> **Task description**:
Restate word for word the lines below, from the one containing "おへそがかわいいボディにぎゅ" through the final line, with no pictures included.

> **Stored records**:
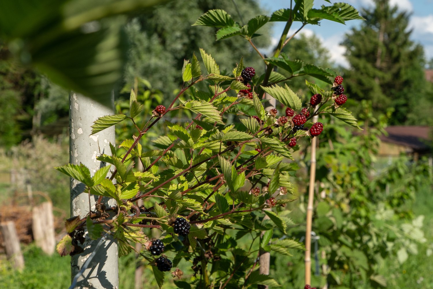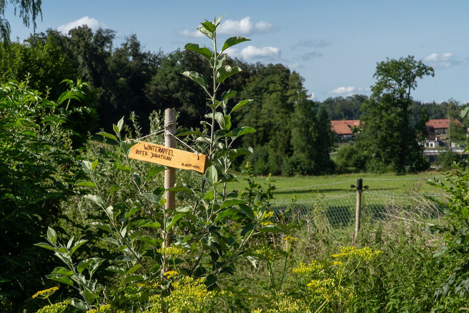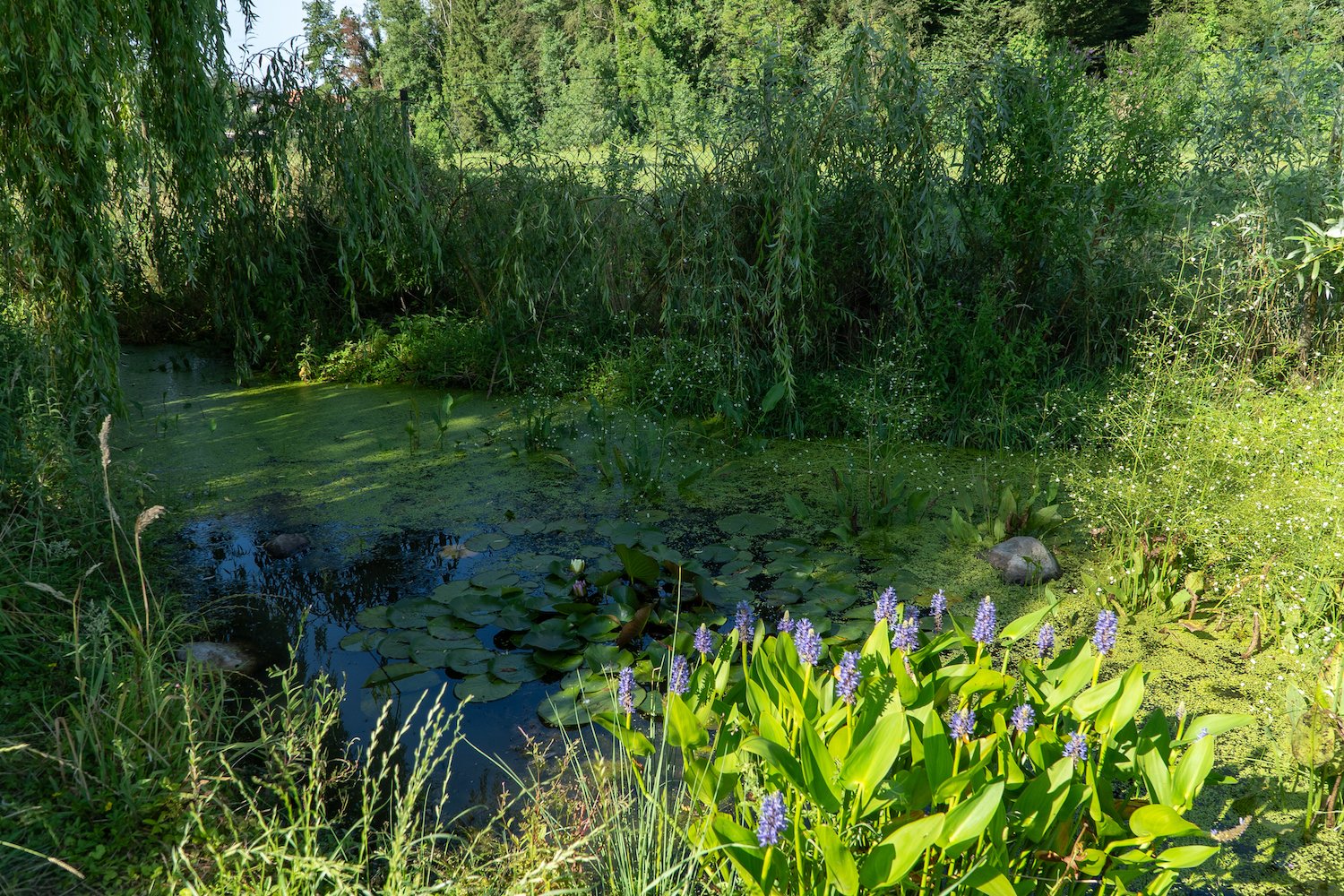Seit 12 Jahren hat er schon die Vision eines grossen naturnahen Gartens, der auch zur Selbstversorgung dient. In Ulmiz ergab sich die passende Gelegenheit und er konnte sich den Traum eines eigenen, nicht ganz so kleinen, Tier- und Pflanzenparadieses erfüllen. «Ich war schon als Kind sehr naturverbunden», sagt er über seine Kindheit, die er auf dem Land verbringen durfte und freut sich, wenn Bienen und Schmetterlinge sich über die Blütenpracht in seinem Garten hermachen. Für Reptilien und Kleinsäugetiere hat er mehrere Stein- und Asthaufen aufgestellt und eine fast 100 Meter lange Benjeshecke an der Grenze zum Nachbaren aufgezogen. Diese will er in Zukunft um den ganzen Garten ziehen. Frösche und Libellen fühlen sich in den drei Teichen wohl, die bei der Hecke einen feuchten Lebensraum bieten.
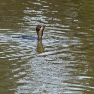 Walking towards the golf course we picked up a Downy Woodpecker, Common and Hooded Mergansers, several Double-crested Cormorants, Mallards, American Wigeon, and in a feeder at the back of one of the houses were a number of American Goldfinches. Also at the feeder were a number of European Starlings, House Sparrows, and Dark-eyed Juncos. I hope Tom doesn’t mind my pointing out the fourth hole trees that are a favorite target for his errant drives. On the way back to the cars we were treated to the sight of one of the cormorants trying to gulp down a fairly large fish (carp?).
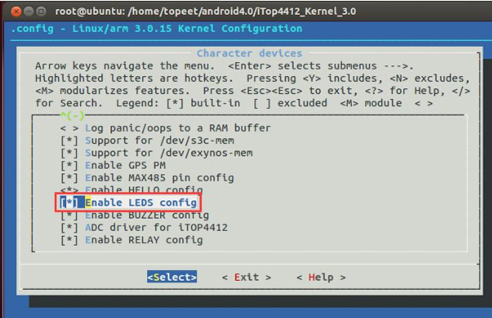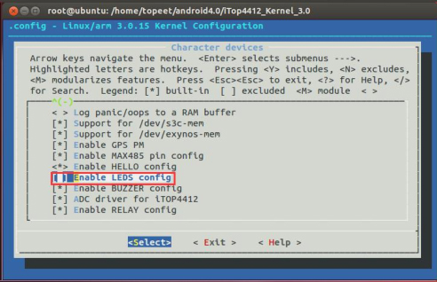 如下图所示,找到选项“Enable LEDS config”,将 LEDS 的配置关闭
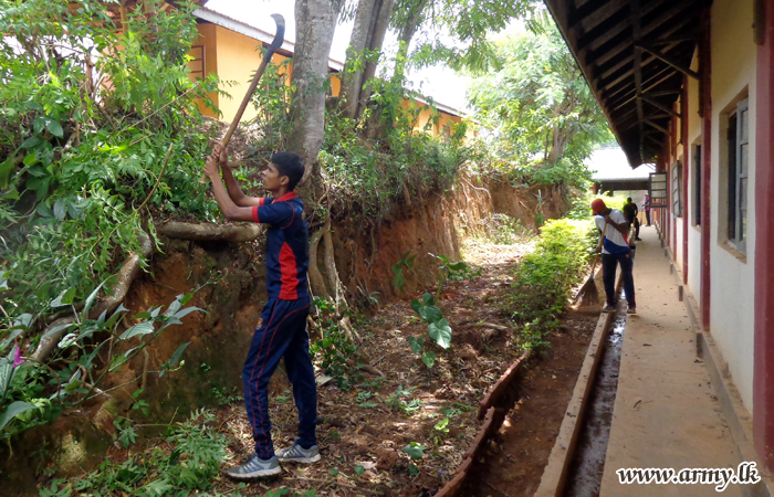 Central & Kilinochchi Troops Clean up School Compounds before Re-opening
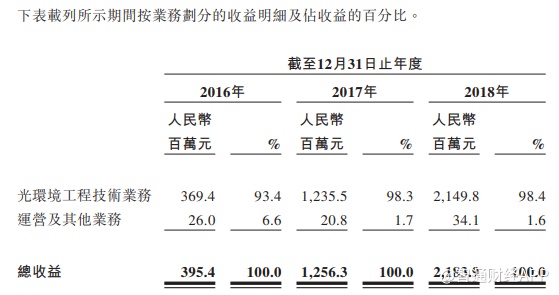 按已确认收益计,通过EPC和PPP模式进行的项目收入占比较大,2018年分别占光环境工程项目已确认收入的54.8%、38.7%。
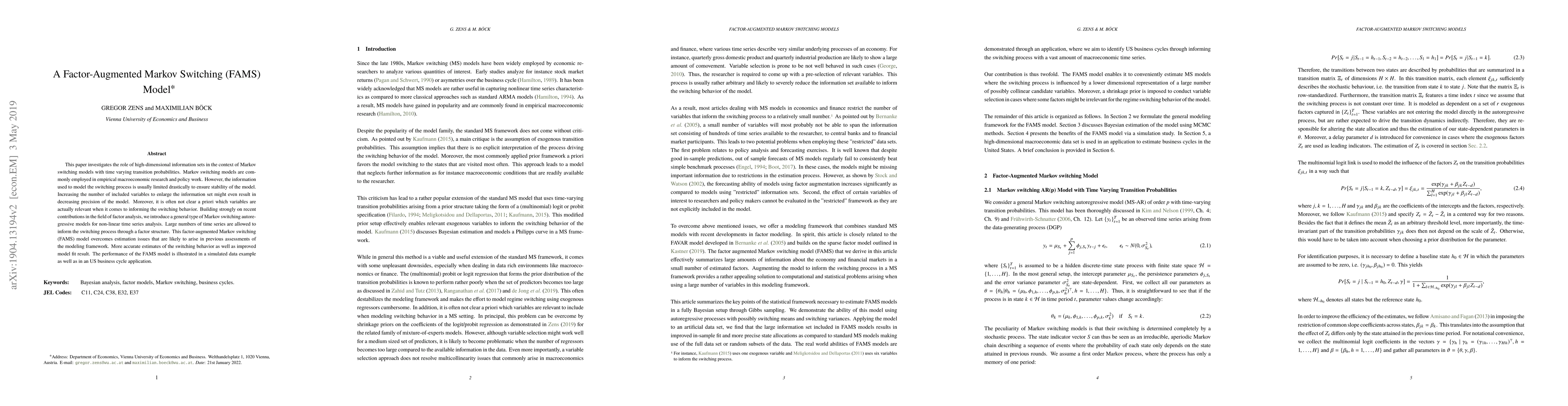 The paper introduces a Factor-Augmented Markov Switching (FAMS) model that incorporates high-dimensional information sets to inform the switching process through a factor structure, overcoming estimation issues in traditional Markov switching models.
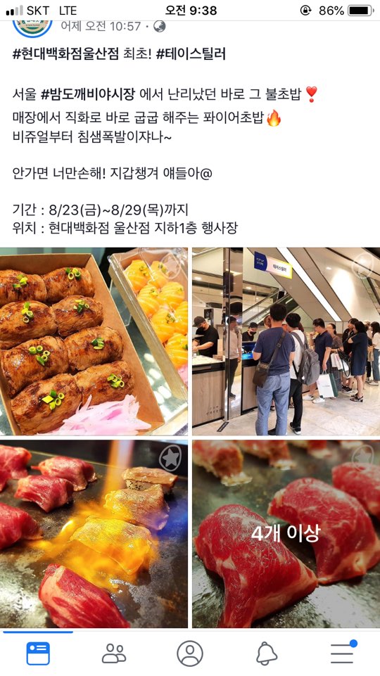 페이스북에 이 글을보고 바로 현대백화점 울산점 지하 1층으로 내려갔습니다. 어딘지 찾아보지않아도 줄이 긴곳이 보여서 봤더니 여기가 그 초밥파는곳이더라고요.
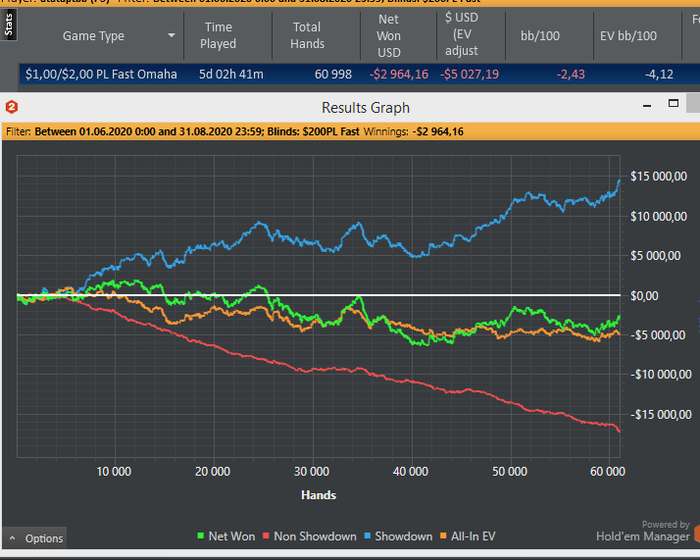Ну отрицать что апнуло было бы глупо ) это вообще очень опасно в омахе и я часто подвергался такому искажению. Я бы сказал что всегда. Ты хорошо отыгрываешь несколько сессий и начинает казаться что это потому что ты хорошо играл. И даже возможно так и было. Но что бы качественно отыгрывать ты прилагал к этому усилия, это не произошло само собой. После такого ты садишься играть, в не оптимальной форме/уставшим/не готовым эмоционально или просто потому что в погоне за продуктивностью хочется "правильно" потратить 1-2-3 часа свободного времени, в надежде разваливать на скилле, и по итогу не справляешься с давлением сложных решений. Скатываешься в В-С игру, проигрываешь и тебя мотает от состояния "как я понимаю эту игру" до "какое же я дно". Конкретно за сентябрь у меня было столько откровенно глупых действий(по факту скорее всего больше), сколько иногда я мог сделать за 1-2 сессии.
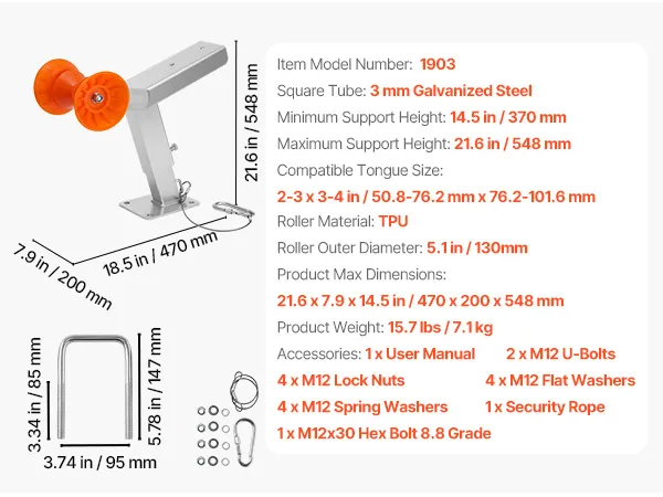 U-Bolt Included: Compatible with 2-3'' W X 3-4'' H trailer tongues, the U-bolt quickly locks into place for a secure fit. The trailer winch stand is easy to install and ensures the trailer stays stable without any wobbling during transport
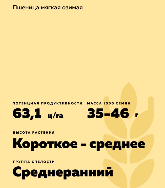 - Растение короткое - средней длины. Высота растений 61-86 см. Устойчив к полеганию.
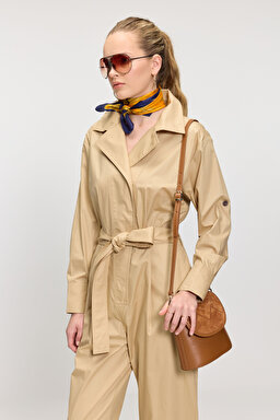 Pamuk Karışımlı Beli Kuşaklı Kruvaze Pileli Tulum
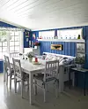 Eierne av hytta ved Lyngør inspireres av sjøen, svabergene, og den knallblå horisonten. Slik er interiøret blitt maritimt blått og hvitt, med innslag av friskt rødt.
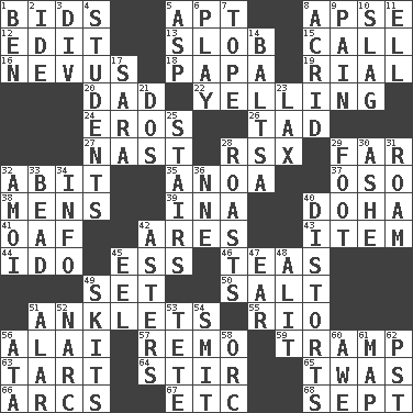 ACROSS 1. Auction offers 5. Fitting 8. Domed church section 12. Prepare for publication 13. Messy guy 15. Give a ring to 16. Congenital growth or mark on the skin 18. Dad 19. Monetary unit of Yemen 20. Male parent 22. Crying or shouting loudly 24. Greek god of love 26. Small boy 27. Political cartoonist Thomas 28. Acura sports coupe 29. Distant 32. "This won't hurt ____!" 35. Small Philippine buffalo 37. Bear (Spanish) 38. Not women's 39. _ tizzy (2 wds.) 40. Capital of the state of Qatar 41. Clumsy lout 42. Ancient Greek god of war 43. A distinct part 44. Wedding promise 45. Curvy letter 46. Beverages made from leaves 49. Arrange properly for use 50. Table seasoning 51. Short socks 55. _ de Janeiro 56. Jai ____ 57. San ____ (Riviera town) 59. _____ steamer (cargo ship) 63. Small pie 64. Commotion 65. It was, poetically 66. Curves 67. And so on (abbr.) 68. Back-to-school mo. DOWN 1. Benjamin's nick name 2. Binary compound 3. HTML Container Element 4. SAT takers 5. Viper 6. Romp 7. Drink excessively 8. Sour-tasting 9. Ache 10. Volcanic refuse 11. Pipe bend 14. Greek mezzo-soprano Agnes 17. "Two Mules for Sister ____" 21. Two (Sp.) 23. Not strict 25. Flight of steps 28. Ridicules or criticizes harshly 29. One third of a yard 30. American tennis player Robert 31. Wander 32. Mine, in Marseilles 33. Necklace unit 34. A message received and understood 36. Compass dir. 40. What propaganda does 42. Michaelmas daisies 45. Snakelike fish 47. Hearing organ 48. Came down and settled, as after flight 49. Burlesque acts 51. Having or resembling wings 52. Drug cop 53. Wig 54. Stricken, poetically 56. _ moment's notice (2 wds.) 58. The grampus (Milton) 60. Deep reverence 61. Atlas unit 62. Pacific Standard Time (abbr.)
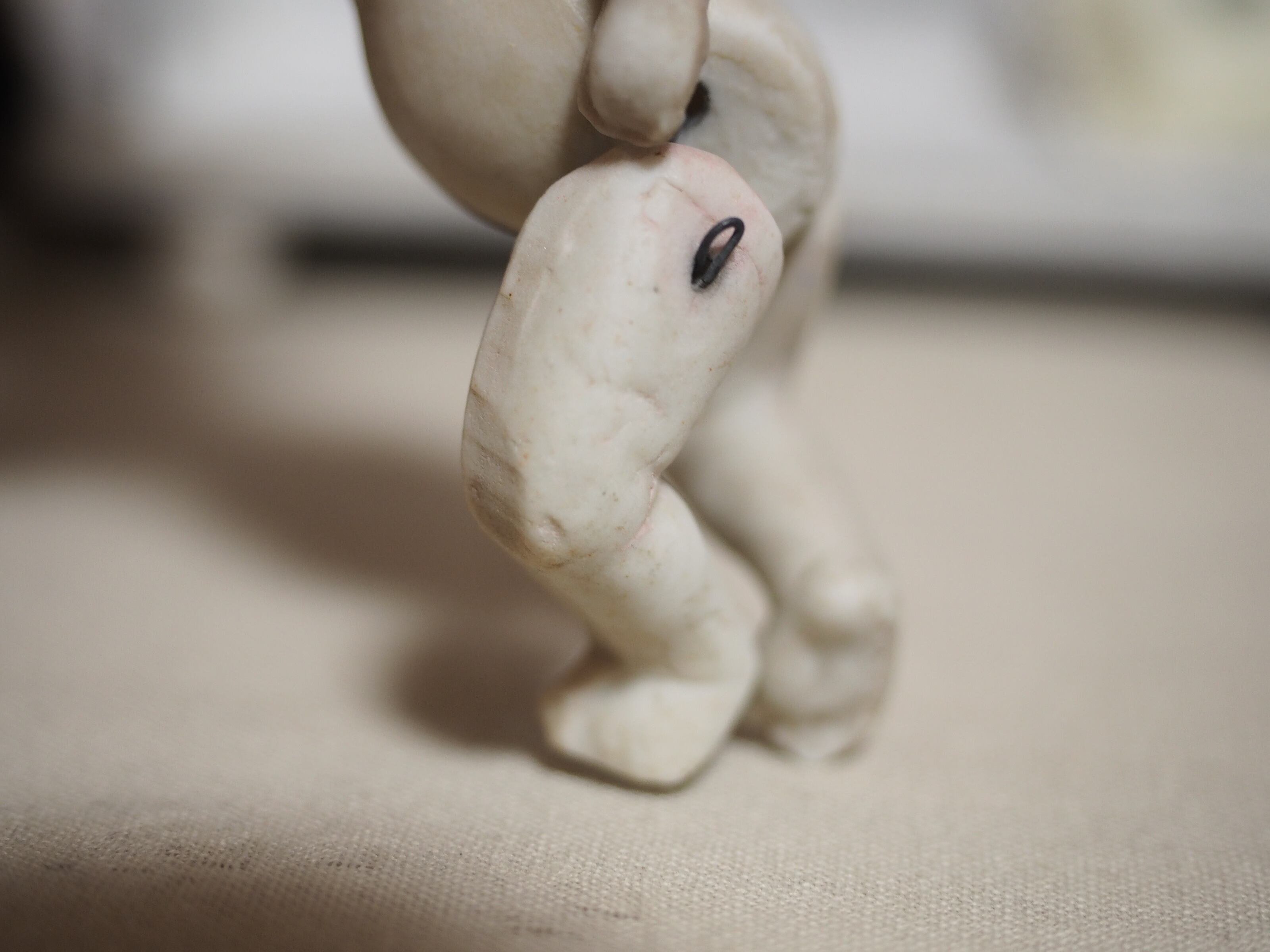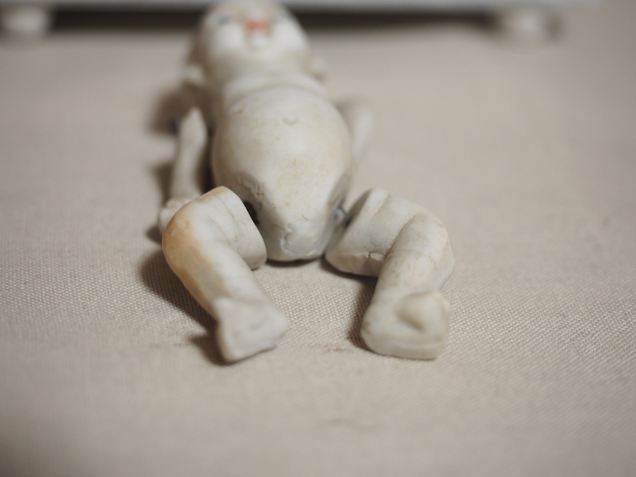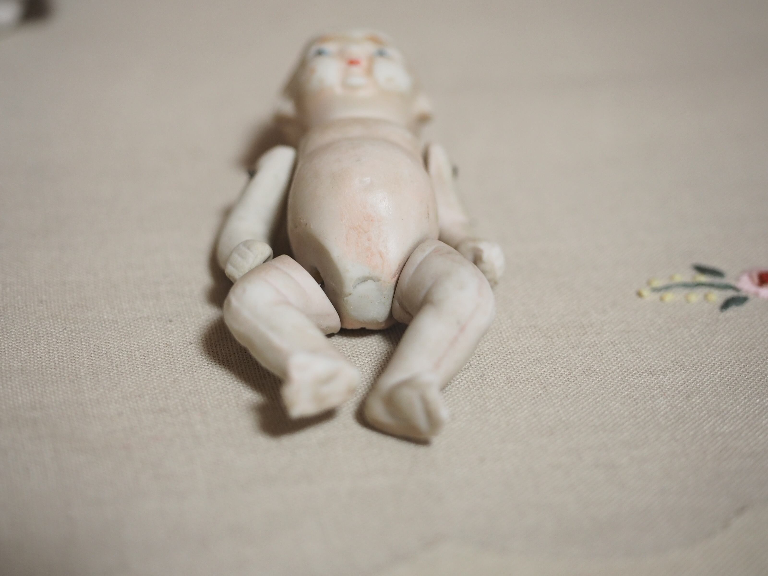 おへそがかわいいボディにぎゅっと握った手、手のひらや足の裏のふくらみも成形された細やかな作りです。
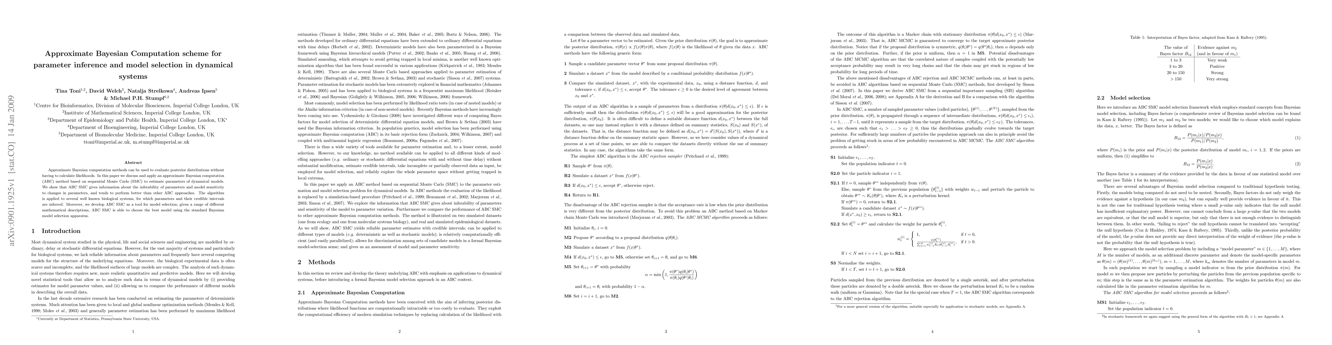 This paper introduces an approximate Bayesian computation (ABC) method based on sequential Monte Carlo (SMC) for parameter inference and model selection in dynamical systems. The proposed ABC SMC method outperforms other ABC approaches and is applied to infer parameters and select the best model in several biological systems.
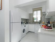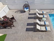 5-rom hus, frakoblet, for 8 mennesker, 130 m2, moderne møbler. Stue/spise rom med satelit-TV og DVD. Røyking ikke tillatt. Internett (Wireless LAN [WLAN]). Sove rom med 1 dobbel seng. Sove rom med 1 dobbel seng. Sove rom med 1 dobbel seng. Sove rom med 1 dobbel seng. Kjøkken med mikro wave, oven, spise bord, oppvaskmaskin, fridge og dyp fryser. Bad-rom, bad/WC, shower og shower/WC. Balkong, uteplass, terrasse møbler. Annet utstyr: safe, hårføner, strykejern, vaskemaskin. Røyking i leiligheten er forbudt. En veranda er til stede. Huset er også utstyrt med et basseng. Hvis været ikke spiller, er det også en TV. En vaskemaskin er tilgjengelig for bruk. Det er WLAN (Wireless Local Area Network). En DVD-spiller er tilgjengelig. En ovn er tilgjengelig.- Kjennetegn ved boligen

> **Output of the task**:
 おへそがかわいいボディにぎゅっと握った手、手のひらや足の裏のふくらみも成形された細やかな作りです。
 This paper introduces an approximate Bayesian computation (ABC) method based on sequential Monte Carlo (SMC) for parameter inference and model selection in dynamical systems. The proposed ABC SMC method outperforms other ABC approaches and is applied to infer parameters and select the best model in several biological systems.
 5-rom hus, frakoblet, for 8 mennesker, 130 m2, moderne møbler. Stue/spise rom med satelit-TV og DVD. Røyking ikke tillatt. Internett (Wireless LAN [WLAN]). Sove rom med 1 dobbel seng. Sove rom med 1 dobbel seng. Sove rom med 1 dobbel seng. Sove rom med 1 dobbel seng. Kjøkken med mikro wave, oven, spise bord, oppvaskmaskin, fridge og dyp fryser. Bad-rom, bad/WC, shower og shower/WC. Balkong, uteplass, terrasse møbler. Annet utstyr: safe, hårføner, strykejern, vaskemaskin. Røyking i leiligheten er forbudt. En veranda er til stede. Huset er også utstyrt med et basseng. Hvis været ikke spiller, er det også en TV. En vaskemaskin er tilgjengelig for bruk. Det er WLAN (Wireless Local Area Network). En DVD-spiller er tilgjengelig. En ovn er tilgjengelig.- Kjennetegn ved boligen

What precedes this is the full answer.